Грот был дома. Хорошо помню, он встретил отца словами:
«Вот, пожалуйста, господин Савич… Вы как-то сказали, что мы бываем слишком жестоки… Нет, мы мягки. Мы, немцы, все время страдаем из-за своей мягкости и доброты. А жестокость — там. Жестокость и дикость! Кому мешала электростанция! Давала свет вашей больнице, моему госпиталю, нашему дому…»
Он так и сказал «нашему».
«А теперь будем жечь… Как это вы сказали, Софа? — обратился он ко мне. — Лучину? О, лучину! Свечей и тех нет. Я едва раздобыл десяток. Боже мой! Какая дикость и какой фанатизм! Сегодня у нас арестовали сестру. Вашу, Мы ей дали работу. Хорошую работу с хорошей оплатой. Она могла жить культурно, красиво, А она шпионила, пользуясь тем, что знает наш язык. Ужасно!»
«Сегодня многих арестовали, — сказал отец и тоже повторил: — Ужасно! Ужасно!»
«Я рад, господин Савич, что вы это понимаете, — очень довольный, сказал Грот. — Нет, мы не жестоки. Мы добры и снисходительны».
Он жил у нас год и изо дня в день трубил о доброте немецкого харадтера. Я иной раз не выдерживала и говорила о тех фашистских зверствах, о которых случайно узнавала. Тогда он начинал читать целые лекции, приводил примеры из истории, декламировал Гете и Шиллера.
Как-то мне попался в отцовской библиотеке томик Гейне. Вечером я процитировала ему, Гроту, что писал о немецком характере Гейне. Грот понимал немножко по-русски, я — по-немецки… Обычно спокойный, он вышел из себя. Сказал, что Гейне еврей, а все евреи — злейшие враги немецкой нации. Забрал книжку и, наверное, сжег. А назавтра весь вечер рылся в нашей библиотеке — искал крамолу.
Да что я рассказываю вам об этом немце? Я потом перевидала их тысячи. Разных — и добрых, и зверей. О, если б вы знали, что такое эсэсовцы!
Зося закрыла глаза, прижалась к подушке дивана, запахнула плотнее халатик, как будто ей стало холодно.

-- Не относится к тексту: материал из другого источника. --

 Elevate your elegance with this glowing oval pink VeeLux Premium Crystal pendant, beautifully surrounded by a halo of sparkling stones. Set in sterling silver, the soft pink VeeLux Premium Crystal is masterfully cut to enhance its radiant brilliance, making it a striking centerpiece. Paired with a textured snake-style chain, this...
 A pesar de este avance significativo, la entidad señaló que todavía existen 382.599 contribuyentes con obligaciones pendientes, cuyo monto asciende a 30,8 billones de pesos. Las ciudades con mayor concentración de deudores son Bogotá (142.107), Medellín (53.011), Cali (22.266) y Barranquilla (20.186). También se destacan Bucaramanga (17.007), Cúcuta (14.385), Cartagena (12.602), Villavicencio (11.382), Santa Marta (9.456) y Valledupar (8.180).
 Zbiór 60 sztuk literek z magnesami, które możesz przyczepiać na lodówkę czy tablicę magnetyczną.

И тут же виновато улыбнулась, как бы извиняясь.
— Когда Грот, поужинав, поднялся к себе, отец пришел на кухню, где я мыла тарелки, обнял за плечи, прошептал:
«Зося, дитя мое, у нас в саду прячется человек. Я пойду к немцу играть в шахматы. Ты отодвинь свою кровать, постели для него на полу. Открой окно. В твою комнату Грот никогда не заходит».

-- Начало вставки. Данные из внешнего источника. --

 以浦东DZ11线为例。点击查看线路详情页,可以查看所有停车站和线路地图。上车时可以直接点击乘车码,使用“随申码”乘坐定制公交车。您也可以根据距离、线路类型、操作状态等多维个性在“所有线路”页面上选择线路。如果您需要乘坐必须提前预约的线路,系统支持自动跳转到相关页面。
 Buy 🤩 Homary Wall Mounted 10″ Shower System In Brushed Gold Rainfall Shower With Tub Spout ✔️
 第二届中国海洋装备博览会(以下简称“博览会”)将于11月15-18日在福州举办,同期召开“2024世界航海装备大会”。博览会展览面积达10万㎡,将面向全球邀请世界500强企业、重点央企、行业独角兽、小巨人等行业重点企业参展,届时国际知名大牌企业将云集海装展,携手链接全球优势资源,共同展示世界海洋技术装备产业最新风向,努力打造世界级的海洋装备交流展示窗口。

О, если б вы знали, что я почувствовала! Когда я спрятала вас, Антон Кузьмич, я скрыла это от отца, потому что не знала, как он отнесется, что сделает, если дознается. Это очень тяжело — любить и не верить. А как легко, когда близкие люди делают одно дело, когда они единомышленники! Понимаете? Я нескладно рассказываю, но вы поймете… Когда вы у нас были и когда я искала Тарасика, я заставляла отца что-то делать, зная, что для меня он готов на все, выполнит и серьезную просьбу и каприз. А тут вдруг такая перемена. Он давал мне задание! Как старший. Как руководитель. Доверял такое дело…

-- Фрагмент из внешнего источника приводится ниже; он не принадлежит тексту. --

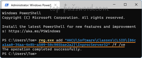 reg.exe delete "HKCU\Software\Classes\CLSID\{86ca1aa0-34aa-4e8b-a509-50c905bae2a2}" /f
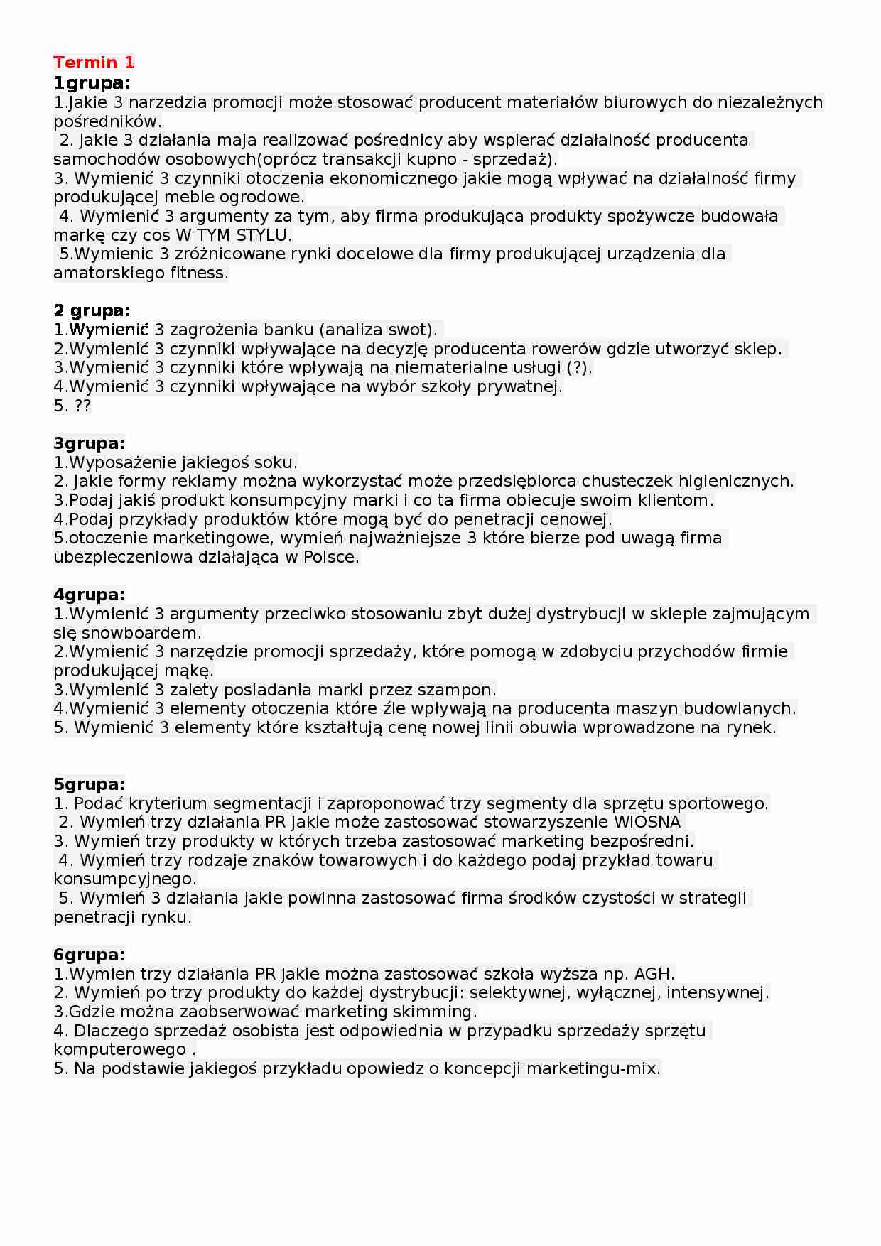 Termin 1 1grupa: 1.Jakie 3 narzedzia promocji może stosować producent materiałów biurowych do niezależnych pośredników.
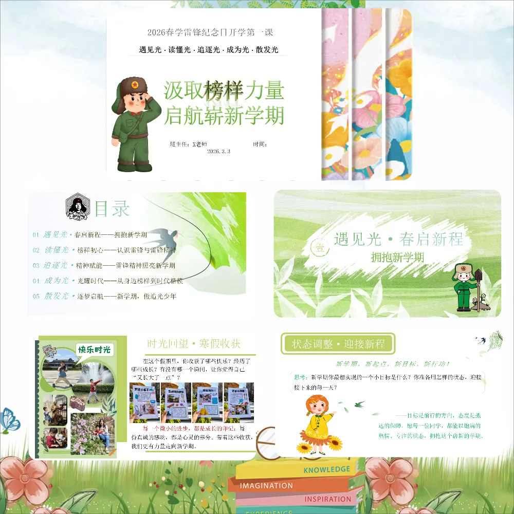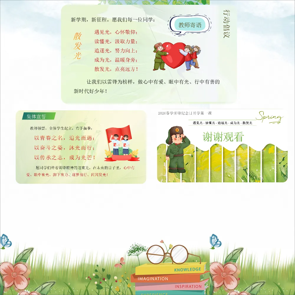 同学们,2026年春天已经到来,新学期的征程已经开启。愿你们带着雷锋精神这束光,心中有爱、眼中有光、脚下有力、逐梦前行、闪闪发光!

«Кто этот человек?» — думала я, отодвигая кровать и стеля на пол пуховое одеяло, простыни. Пусть это по-детски, но мне захотелось, чтоб это опять. были вы, Антон Кузьмич… Простите. Дверь в мою комнату — под лестницей на Мансарду. Я оставила в комнате свечу, поднялась по лестнице — не видна ли кровать? Сколько прожила, сколько ходила с малых лет, а никогда не заглядывала сверху в открытую дверь — что видно в комнате?
Грот, который бесцеремонно совал нос даже в кухонные кастрюли, в бочки в погребе, ни разу не открыл двери моей комнаты. Это правда. В этом он был джентльмен.
ью и страхом отворяла я окно. А потом стояла в коридоре и слушала… Когда он заберется… И боялась, как бы в темноте не наделал шума. Он влез очень осторожно, я услышала только, как скрипнула нечаянно задетая кровать. Потом я долго еще стояла, затем сидела на кухне, думала, что делать дальше. Отец не сказал, можно мне заходить в комнату или нельзя. Может быть, человека надо накормить? В конце концов я решительно вошла. Увидела, что одеяло и простыня лежат на моей кровати. Заглянула за нее.
Человек был длинный, худой, бородатый. Такой длинный, что, если бы он вытянулся, ноги его, наверное, выглядывали бы из-за кровати. Поэтому он согнул их, и острые колени поднимались чуть ли не выше моей постели, Глаза его блеснули настороженно и подозрительно. Он лежал в ватнике, в сапогах и держал руку за пазухой, Я спросила шепотом:
«Принести вам поужинать?»
Он прикрыл ладонью губы и покачал головой: нет.
Но я все-таки принесла ему кусок хлеба с маслом, чаю и еще что-то… Я нарочно ходила шумно, как обычно, хлопала дверьми. Может быть, из-за этого он сердито посмотрел на меня и опять прикрыл рот рукой.
Когда ровно без четверти одиннадцать (даже самая интересная партия откладывалась, так был пунктуален Грот) отец спустился сверху, я сообщила, что он здесь. Отец ответил на диво спокойно, как будто речь шла о самых обыкновенных вещах: «Хорошо, дочка». Я спросила, где мне спать. «Где хочешь, только бы Грот ничего не заметил».
Пока немец чистил зубы, умывался, я у себя в комнате перекладывала белье, нарочно оставив дверь слегка приоткрытой.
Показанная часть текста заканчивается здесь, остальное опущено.